EM-Titel für «frustrierten» Lange

In der Wiege des Bobsports hat sich André Lange mit dem siebten EM-Titel fünf Wochen vor der WM im kleinen Schlitten eindrucksvoll zurückgemeldet.
Pilot Lange (l) und sein Bremser Putze ließen die Konkurrenz ...   Pilot Lange (l) und sein Bremser Putze ließen die Konkurrenz hinter sich.
Mit Nervenstärke und fahrerischer Extraklasse holte sich der Doppel-Olympiasieger in St. Moritz mit Martin Putze den kontinentalen Titel und zog mit dem bisherigen Rekordchampion Christoph Langen gleich. Im Viererbob musste er als Dritter ins Rennen und wurde erneut Opfer der Startnummern-Lotterie. Zudem lief sein Gefährt in der Endgeschwindigkeit nicht wie gewünscht. Am Ende landete Lange im parallel ausgetragenen Weltcup auf Rang neun, was am Ende Platz sieben in der EM-Wertung bedeutete.

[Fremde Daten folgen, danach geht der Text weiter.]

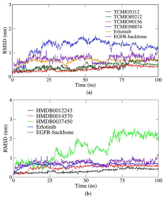 Backbone RMSD of the complexes of EGFR and inhibitor candidates screened from (a) TCMIO and (b) HMDB databases.
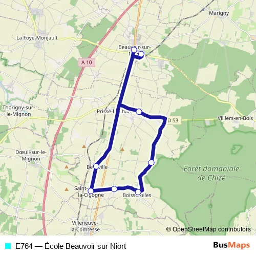 Click here to view the nearest E764 - École Beauvoir sur Niort bus stop.
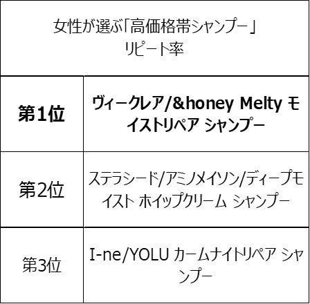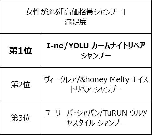 今回の高価格帯シャンプーの調査は2022年12月に実施。ランキング調査は1500円前後の高価格帯のシャンプーを対象に聞いたところ、「I-ne/BOTANIST ボタニカルシャンプー ダメージケア」が女性が選ぶ「高価格帯シャンプー」利用率第1位、 「I-ne/YOLU カームナイトリペア シャンプー」は満足度第1位 、「ヴィークレア/&honey Melty モイストリペア シャンプー」はリピート率第1位を受賞しました。
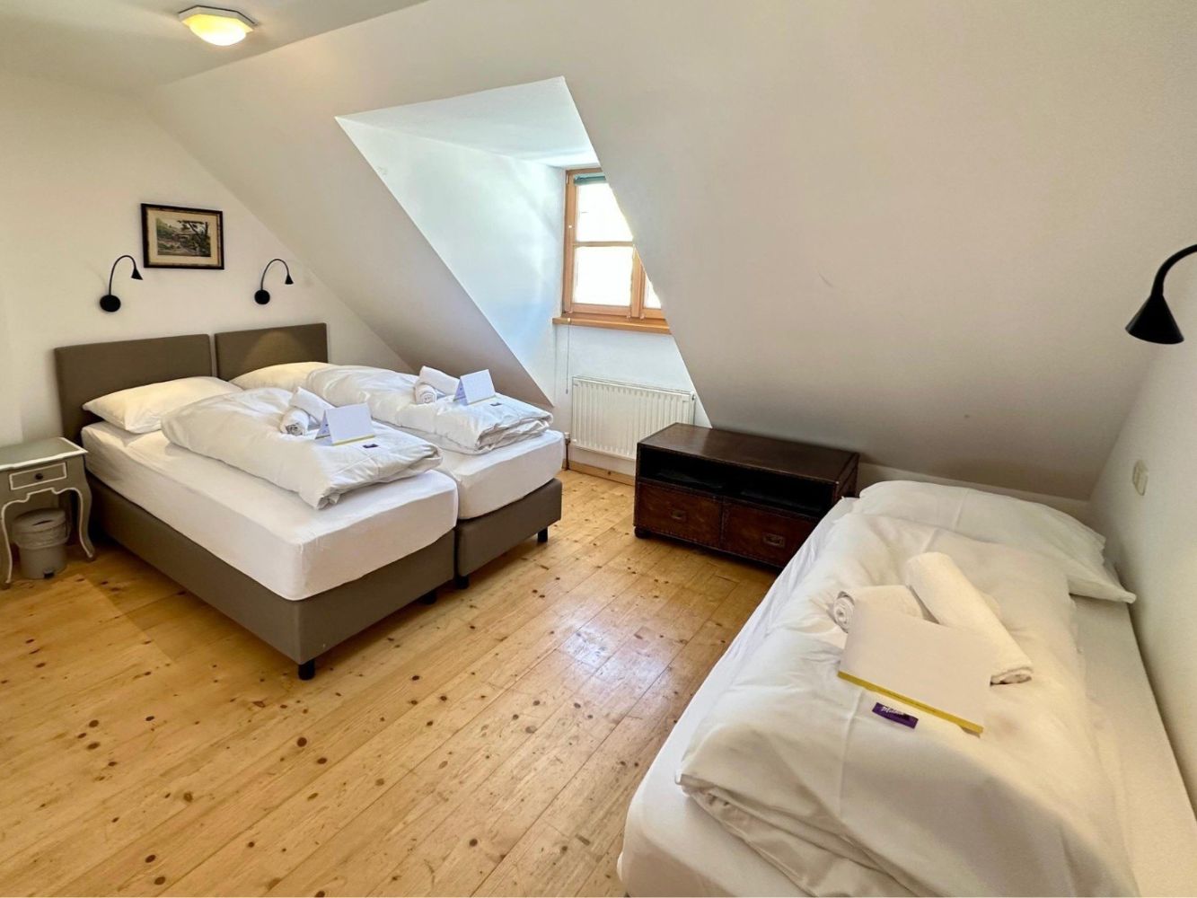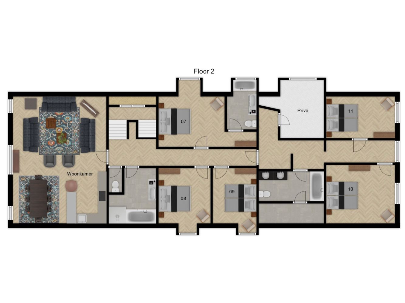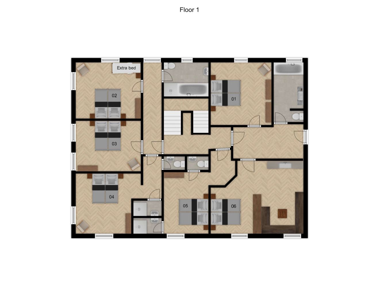 familier, vennegrupper eller firmaer. På første sal findes seks dobbeltværelser (et med mulighed for ekstra seng), mens øverste etage byder på yderligere fire dobbeltværelser samt et tremandsværelse.

Thomas Florschütz, der unmittelbar nach dem Abschlusstraining dank seines Mechanikers noch einen gravierenden Einstellungsfehler im FES- Bob beheben konnte, raste im Viererbob hinter den siegreichen Russen Alexander Subkow auf Rang zwei. Karl Angerer aus Königssee wurde mit 2/100 Sekunden Rückstand auf seinen Teamkollegen Dritter. «Das ist total super. Mein bislang bestes Ergebnis im Vierer», jubelte Florschütz, dessen Trainer Gerd Leopold die Glückwünsche direkt an Mechaniker Bernd Steinecker weitergab: «Er hat unmittelbar nach dem Abschlusstraining einen schweren Einstellungsfehler gefunden. Das war der Schlüssel zum Erfolg.»

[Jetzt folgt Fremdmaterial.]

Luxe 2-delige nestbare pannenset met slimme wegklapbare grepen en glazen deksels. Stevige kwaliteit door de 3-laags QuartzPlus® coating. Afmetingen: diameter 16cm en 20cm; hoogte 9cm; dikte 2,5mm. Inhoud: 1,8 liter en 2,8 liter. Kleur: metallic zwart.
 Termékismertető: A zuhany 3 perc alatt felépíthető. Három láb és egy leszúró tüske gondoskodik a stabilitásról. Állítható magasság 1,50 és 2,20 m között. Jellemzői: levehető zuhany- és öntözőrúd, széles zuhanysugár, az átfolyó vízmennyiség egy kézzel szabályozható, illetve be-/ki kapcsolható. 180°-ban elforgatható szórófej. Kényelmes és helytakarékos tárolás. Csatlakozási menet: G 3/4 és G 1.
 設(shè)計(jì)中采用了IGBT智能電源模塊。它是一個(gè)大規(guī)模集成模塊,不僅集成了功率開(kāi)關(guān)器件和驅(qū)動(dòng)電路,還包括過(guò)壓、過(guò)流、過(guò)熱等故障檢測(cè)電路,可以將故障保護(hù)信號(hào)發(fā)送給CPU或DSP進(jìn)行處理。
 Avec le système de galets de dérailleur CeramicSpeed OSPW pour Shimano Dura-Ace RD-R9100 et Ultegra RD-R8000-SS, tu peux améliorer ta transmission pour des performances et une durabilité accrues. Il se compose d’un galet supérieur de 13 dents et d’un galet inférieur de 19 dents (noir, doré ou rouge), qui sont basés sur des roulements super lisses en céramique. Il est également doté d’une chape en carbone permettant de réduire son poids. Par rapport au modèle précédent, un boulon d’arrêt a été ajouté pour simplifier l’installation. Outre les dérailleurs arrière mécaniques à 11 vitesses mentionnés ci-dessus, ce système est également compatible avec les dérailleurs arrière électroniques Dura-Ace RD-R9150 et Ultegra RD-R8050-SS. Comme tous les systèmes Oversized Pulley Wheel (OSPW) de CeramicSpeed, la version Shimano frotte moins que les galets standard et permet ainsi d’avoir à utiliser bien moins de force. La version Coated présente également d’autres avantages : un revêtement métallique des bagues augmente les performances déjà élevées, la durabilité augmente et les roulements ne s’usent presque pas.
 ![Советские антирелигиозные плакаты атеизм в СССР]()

Lange, der wie Florschütz einen FES-Bob fährt, war sichtlich frustriert: «Der Start war super, der Lauf war super, den Rest habt ihr gesehen.» Ob es an dem Bob lag? «Dazu sage ich nichts», meinte Lange, der vor seinem Zweierbob-EM-Titel bereits die ganze Nacht geschraubt hatte. Angerer war mit dem Gewinn seiner ersten internationalen Medaille überglücklich: «Ich hatte zwar zweimal den gleichen Fehler im `horse shoe`, doch über EM-Bronze bin ich total happy.»
Während Angerer mit einem nagelneuen Singerbob unterwegs ist und bereits zwei Weltcupsiege im Viererbob verbuchen konnte, verladen Lange und Florschütz ihre FES-Bobs mit einem unguten Gefühl zu den restlichen Weltcups und zur WM nach Übersee. «Wir können jetzt nicht einfach das komplette System wechseln. Ich bin auch nicht für einen Schnellschuss, wir müssen erstmal genau analysieren und dann mit den zuständigen Experten uns austauschen», meinte Bundestrainer Carsten Embach und verwies auf die fahrerisch anspruchsvollen Pisten in Whistler und Lake Placid. Intern laufen aber bereits Diskussionen an, ob es wie zuletzt bei der Heim-WM in Altenberg sinnvoll ist, erneut kurzfristig auf einen Bob der Rosenheimer Firma Singer umzusteigen.
Vor seinem Titelgewinn im Zweierbob hatte Lange stundenlang getüftelt. «Wir haben jede Schraube bewegt und den halben Schlitten gewechselt», betonte der 35-Jährige, der seine Ausbeute bei kontinentalen Titelkämpfen auf siebenmal Gold, sechsmal Silber und viermal Bronze erhöhte - so viele Medaillen hat kein anderer.